> **ASSIGNMENT**
Reprint the listing. Every line must match the original exactly.
════════════════
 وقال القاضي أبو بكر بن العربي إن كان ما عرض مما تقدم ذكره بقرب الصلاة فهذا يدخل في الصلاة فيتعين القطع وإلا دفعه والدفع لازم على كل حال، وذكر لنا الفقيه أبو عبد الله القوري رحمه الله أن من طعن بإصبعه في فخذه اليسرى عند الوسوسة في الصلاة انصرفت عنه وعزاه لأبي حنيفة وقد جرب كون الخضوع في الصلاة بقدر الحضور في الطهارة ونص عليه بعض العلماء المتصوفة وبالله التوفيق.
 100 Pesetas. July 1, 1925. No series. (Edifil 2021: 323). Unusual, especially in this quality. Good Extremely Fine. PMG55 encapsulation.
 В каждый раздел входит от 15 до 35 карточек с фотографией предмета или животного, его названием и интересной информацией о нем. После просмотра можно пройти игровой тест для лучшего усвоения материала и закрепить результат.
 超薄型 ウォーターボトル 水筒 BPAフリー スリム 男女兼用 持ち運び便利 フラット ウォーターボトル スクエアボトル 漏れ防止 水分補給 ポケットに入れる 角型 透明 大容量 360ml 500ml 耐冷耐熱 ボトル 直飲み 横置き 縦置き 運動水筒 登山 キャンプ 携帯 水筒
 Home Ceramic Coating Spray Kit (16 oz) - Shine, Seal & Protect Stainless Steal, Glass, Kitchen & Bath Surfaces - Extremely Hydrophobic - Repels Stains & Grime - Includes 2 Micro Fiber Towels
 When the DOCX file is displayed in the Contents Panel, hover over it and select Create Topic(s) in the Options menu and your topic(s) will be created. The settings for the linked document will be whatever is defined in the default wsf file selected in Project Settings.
════════════════
> **SOLUTION TO THE PROBLEM**
 وقال القاضي أبو بكر بن العربي إن كان ما عرض مما تقدم ذكره بقرب الصلاة فهذا يدخل في الصلاة فيتعين القطع وإلا دفعه والدفع لازم على كل حال، وذكر لنا الفقيه أبو عبد الله القوري رحمه الله أن من طعن بإصبعه في فخذه اليسرى عند الوسوسة في الصلاة انصرفت عنه وعزاه لأبي حنيفة وقد جرب كون الخضوع في الصلاة بقدر الحضور في الطهارة ونص عليه بعض العلماء المتصوفة وبالله التوفيق.
 100 Pesetas. July 1, 1925. No series. (Edifil 2021: 323). Unusual, especially in this quality. Good Extremely Fine. PMG55 encapsulation.
 В каждый раздел входит от 15 до 35 карточек с фотографией предмета или животного, его названием и интересной информацией о нем. После просмотра можно пройти игровой тест для лучшего усвоения материала и закрепить результат.
 超薄型 ウォーターボトル 水筒 BPAフリー スリム 男女兼用 持ち運び便利 フラット ウォーターボトル スクエアボトル 漏れ防止 水分補給 ポケットに入れる 角型 透明 大容量 360ml 500ml 耐冷耐熱 ボトル 直飲み 横置き 縦置き 運動水筒 登山 キャンプ 携帯 水筒
 Home Ceramic Coating Spray Kit (16 oz) - Shine, Seal & Protect Stainless Steal, Glass, Kitchen & Bath Surfaces - Extremely Hydrophobic - Repels Stains & Grime - Includes 2 Micro Fiber Towels
 When the DOCX file is displayed in the Contents Panel, hover over it and select Create Topic(s) in the Options menu and your topic(s) will be created. The settings for the linked document will be whatever is defined in the default wsf file selected in Project Settings.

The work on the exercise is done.